╔══

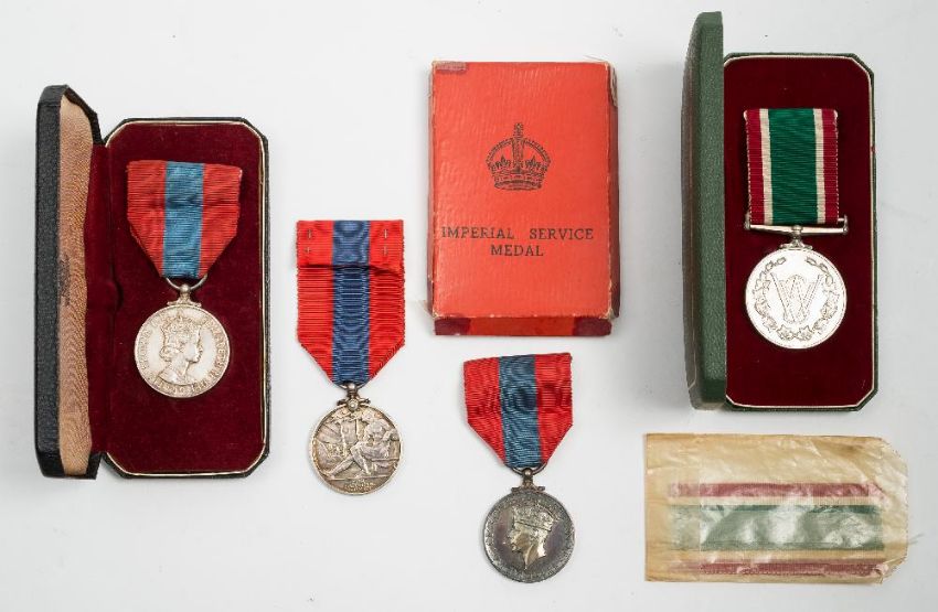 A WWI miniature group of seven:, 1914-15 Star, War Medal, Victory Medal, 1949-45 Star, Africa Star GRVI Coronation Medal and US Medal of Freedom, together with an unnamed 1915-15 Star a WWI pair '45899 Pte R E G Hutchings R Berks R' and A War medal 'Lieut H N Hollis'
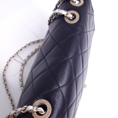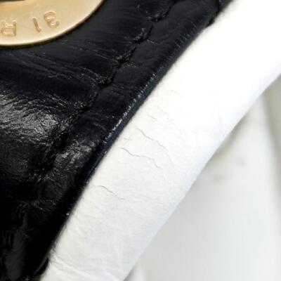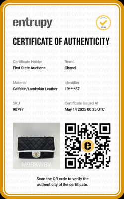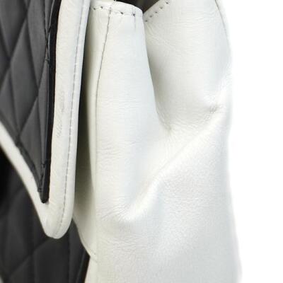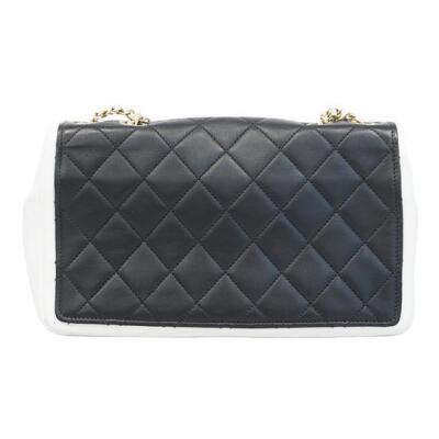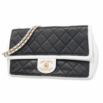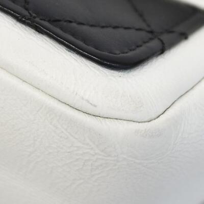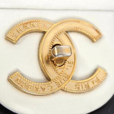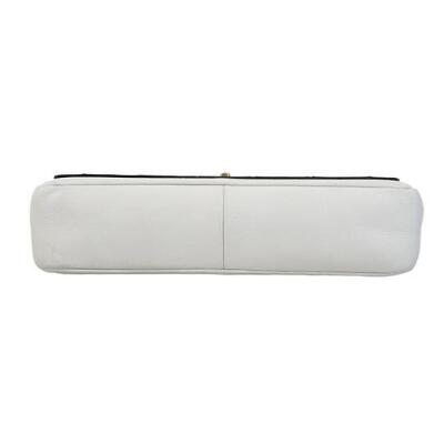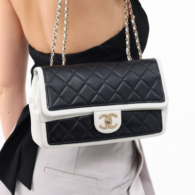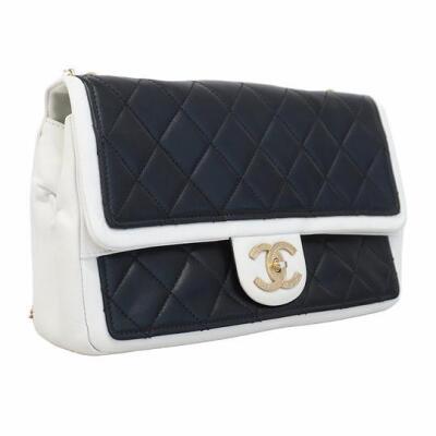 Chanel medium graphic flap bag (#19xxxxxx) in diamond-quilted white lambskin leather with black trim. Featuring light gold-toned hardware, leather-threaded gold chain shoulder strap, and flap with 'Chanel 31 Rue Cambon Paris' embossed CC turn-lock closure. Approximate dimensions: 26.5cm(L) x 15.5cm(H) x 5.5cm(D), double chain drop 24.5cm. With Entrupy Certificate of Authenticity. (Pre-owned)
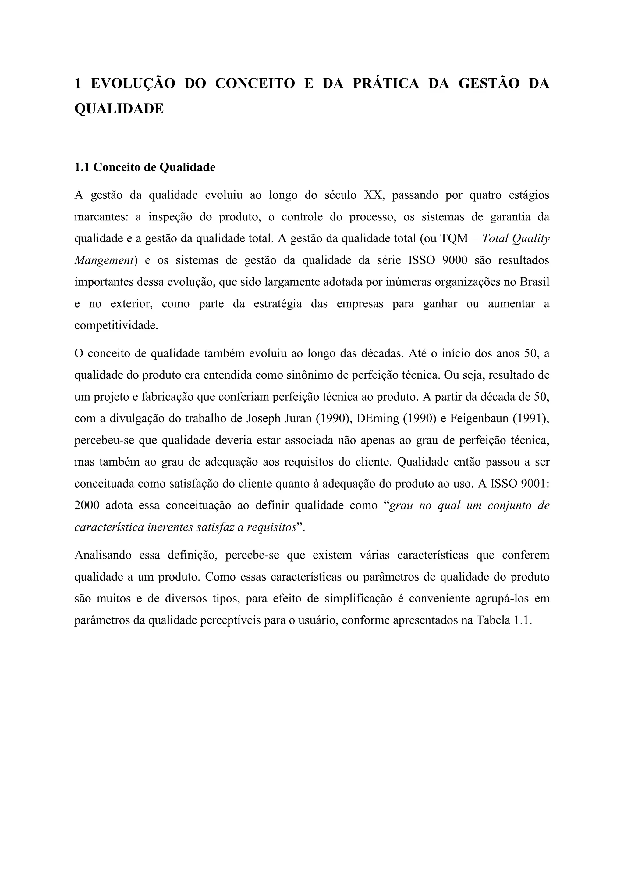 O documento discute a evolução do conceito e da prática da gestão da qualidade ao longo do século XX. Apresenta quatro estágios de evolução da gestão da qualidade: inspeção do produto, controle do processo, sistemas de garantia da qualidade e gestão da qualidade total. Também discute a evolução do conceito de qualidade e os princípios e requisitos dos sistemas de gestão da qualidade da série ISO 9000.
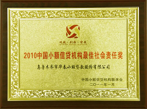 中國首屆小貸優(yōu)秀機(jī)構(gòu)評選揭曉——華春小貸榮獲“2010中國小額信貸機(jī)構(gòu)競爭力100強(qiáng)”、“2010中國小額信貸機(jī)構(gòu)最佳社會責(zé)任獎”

╚══

§ **TASK OBJECTIVE**
Give back the whole listing as it stands, minus its pictures.

§ **OUTPUT**
 A WWI miniature group of seven:, 1914-15 Star, War Medal, Victory Medal, 1949-45 Star, Africa Star GRVI Coronation Medal and US Medal of Freedom, together with an unnamed 1915-15 Star a WWI pair '45899 Pte R E G Hutchings R Berks R' and A War medal 'Lieut H N Hollis'
 Chanel medium graphic flap bag (#19xxxxxx) in diamond-quilted white lambskin leather with black trim. Featuring light gold-toned hardware, leather-threaded gold chain shoulder strap, and flap with 'Chanel 31 Rue Cambon Paris' embossed CC turn-lock closure. Approximate dimensions: 26.5cm(L) x 15.5cm(H) x 5.5cm(D), double chain drop 24.5cm. With Entrupy Certificate of Authenticity. (Pre-owned)
 O documento discute a evolução do conceito e da prática da gestão da qualidade ao longo do século XX. Apresenta quatro estágios de evolução da gestão da qualidade: inspeção do produto, controle do processo, sistemas de garantia da qualidade e gestão da qualidade total. Também discute a evolução do conceito de qualidade e os princípios e requisitos dos sistemas de gestão da qualidade da série ISO 9000.
 中國首屆小貸優(yōu)秀機(jī)構(gòu)評選揭曉——華春小貸榮獲“2010中國小額信貸機(jī)構(gòu)競爭力100強(qiáng)”、“2010中國小額信貸機(jī)構(gòu)最佳社會責(zé)任獎”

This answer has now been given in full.